Pekerja di Indonesia mulai menerima Tunjangan Hari Raya (THR) minggu ini. Pemerintah telah menetapkan bahwa THR bagi pegawai swasta harus dibagikan mulai H-7 Lebaran, sementara THR bagi ASN telah dibagikan lebih awal, yaitu H-10 Lebaran.
Dengan pembagian THR ini, masyarakat mulai berbelanja kebutuhan Lebaran seperti sandang dan pangan. Namun, tidak banyak yang mengetahui asal muasal pembagian THR di Indonesia.
Dalam kasus Jakarta, pada tahun 1950-an, harga bahan pokok di ibu kota negara melonjak hingga 325% dari harga awal di tahun 1950. Kelompok yang sangat terdampak adalah kaum buruh yang kerap diupah rendah dan berada dalam kondisi genting karena tidak mampu membeli bahan pokok.

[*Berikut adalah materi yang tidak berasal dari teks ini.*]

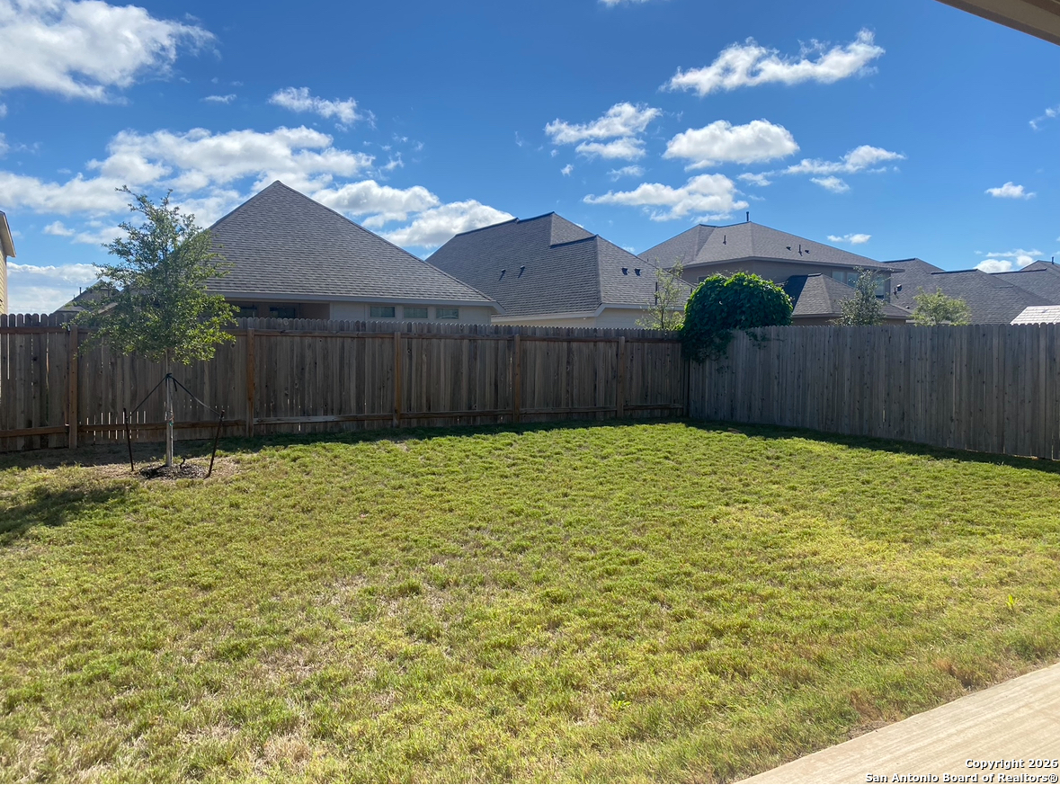 Stunning single-story home available at 9358 Boiling Rapid in the highly sought-after Kallison Ranch community in Northwest San Antonio.This four-bedroom, three-full-bath home features a modern open-concept layout connecting the kitchen, dining, and living areas. The kitchen is fully equipped with stainless steel appliances, granite countertops, stylish white cabinetry, and brushed nickel hardware. Additional features include a washer and dryer, a water softener, stylish high ceilings, and upgraded modern fans throughout. The home offers several high-end amenities, including A master bath with a dual vanity, a garden tub, and a separate extended shower and a secondary bedroom with it's own full ensuite bath and an extended walk-in closet. Outdoor living features include a covered and extended backyard patio and fully fenced yard. Kallison Ranch community offers an ideal blend of tranquility and convenience, with seamless access to Loop 1604 and Highway 211, ensuring a swift commute to local shopping, dining, and entertainment. The neighborhood provides resort-style living with amenities such as two community pools, a pavilion with a fireplace, playground, playscape, and a gated dog park. 9358 Boiling Rapid is zoned to the highly rated Northside ISD schools, including an onsite elementary school. Schedule a tour of this exceptional home today!
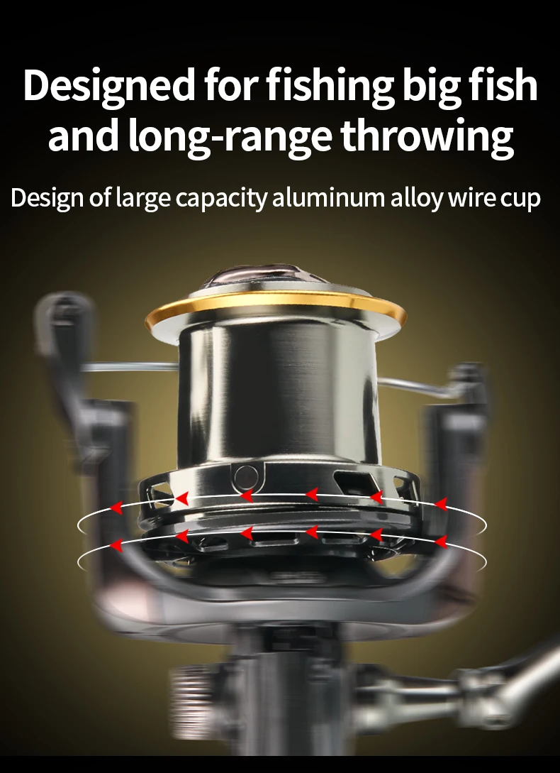1. Diseño de copa de alambre de aleación de aluminio de gran capacidad, especialmente diseñado para pescar peces grandes y lanzar de largo alcance

Saat lebaran tiba, harga bahan pokok semakin melonjak namun penghasilan para buruh tidak bertambah, sehingga mereka kesulitan. Hal ini kemudian melahirkan kebijakan THR, di mana perusahaan diwajibkan memberikan pendapatan ganda di luar penghasilan bulanan.
Sentral Organisasi Buruh Seluruh Indonesia (SOBSI) kemudian menuntut pemerintah membuat kebijakan resmi terkait pemberian THR untuk membantu para buruh yang kesulitan menjelang Lebaran.
Pada tahun 1954, pemerintah mengeluarkan dua kebijakan terkait THR. Pertama, perusahaan harus memberikan “Hadiah Lebaran” kepada para buruh. Kedua, PNS bisa mendapat pinjaman dari pemerintah melalui Persekot Hari Raya.
Pada tahun 1961, pemerintah mengeluarkan Peraturan Menteri Perburuhan No.1/1961 yang mewajibkan seluruh perusahaan memberikan THR kepada para buruh. Berkat perjuangan para buruh, kini para pekerja di Indonesia bisa mendapat THR menjelang Idul Fitri.